À noter le personnage de Duncan Wedderburn (excellent Mark Ruffalo), tombeur qui va se faire prendre par Bella dans le sens où elle comprend qui il est et qu’elle ne s’en offusque pas. Mais comme lui ne comprend le rapport de séduction que par le fait de briser ses conquêtes, cela ne colle pas avec ses habitudes et le folklore de la situation va rapidement tourner à la frustration. Et malgré toutes ses simagrées, Bella tiendra bon, ridiculisant l’avocat qui servira de ressort comique. Une belle scène de woman power se déroule quand l’appétit sexuel de Bella dépasse de loin les compétences (pourtant fort honorables) de Duncan. Puisqu’un homme est limité à son nombre d’orgasmes de façon physiologique, la femme lui est supérieure dans ce domaine.

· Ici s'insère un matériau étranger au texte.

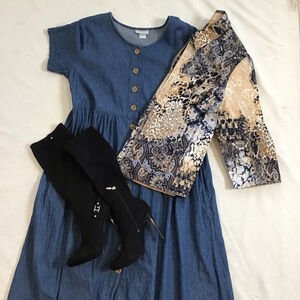 Run errands in this pre-owned Chico's women's blazer, size 3 (equivalent to L), features a vibrant multi-patterned design combining paisley, animal print, and abstract motifs in shades of brown, blue, black, and white. It has a collared neckline and a full-length front zipper closure. The jacket has three-quarter sleeves and appears to be made from a cotton-spandex blend, as indicated by the visible care tag. Measurements show an approximate bust of 22 inches (pit to pit) and a length of 27 inches from the shoulder. The garment shows no significant visible imperfections. Great over a dress, or cute top
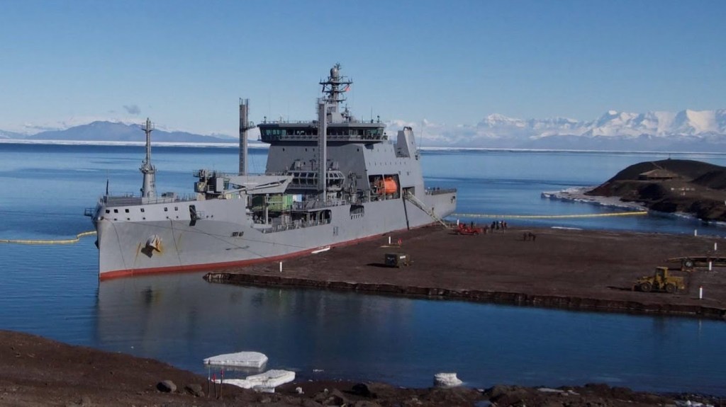 Feb13, 2022 NZ Navy polar-class logistics support vessel HMNZS Aotearoa has arrived at the McMurdo Station ice pier on its maiden voyage to #Antarctica. The Royal Society Range is visible on the far side of McMurdo Sound.Royal New Zealand Navy, Antarctica New Zealand photo: Alex Brett
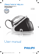 www.philips.com/support EN Fill the water tank with tap water. If you live in an area with very hard water, fast scale build-up may occur. In this case it is recommended to mix 50% distilled water and 50% tap water to prolong the lifetime of your appliance. Caution: Do not put hot water, perfume, vinegar, starch, descaling agents, ironing aids or other chemicals in your appliance. BG Напълнете водния резервоар с чешмяна вода.

Alors forcément, on est dans le domaine du conte. Les ellipses sont commodes et empêchent vraiment de mettre les personnages dans la difficulté. On ne verra pas comment Duncan et Bella galèrent pour faire Marseille – Paris sans un sou; on ne saura pas comment Bella retourne chez elle après ses passes parisiennes, bref, dès qu’on pourrait pencher dans un drame réaliste, la mise en scène coupe et nous emmène là où le réalisateur veut nous emmener. Cela permet aussi de désamorcer pas mal de moments où le film aurait pu se vautrer dans le glauque. Mais il règne une bonne humeur permanente dirigée par une Bella magistrale (et une Emma Stone véritablement convaincante, au ton et aux expressions d’une belle justesse) qui rend le film fort agréable.
Je n’ai pas lu le roman dont le film est tiré donc point de comparaison de ce côté. Yorgos Lanthimos propose un film fort et léger à la fois, avec pas mal de sujets de réflexion une fois le générique terminé. Avec des acteurs qui sont tous très bons et qui sont investis dans leurs personnages, voilà une nouvelle bonne pioche cinématographique pour ce début d’année.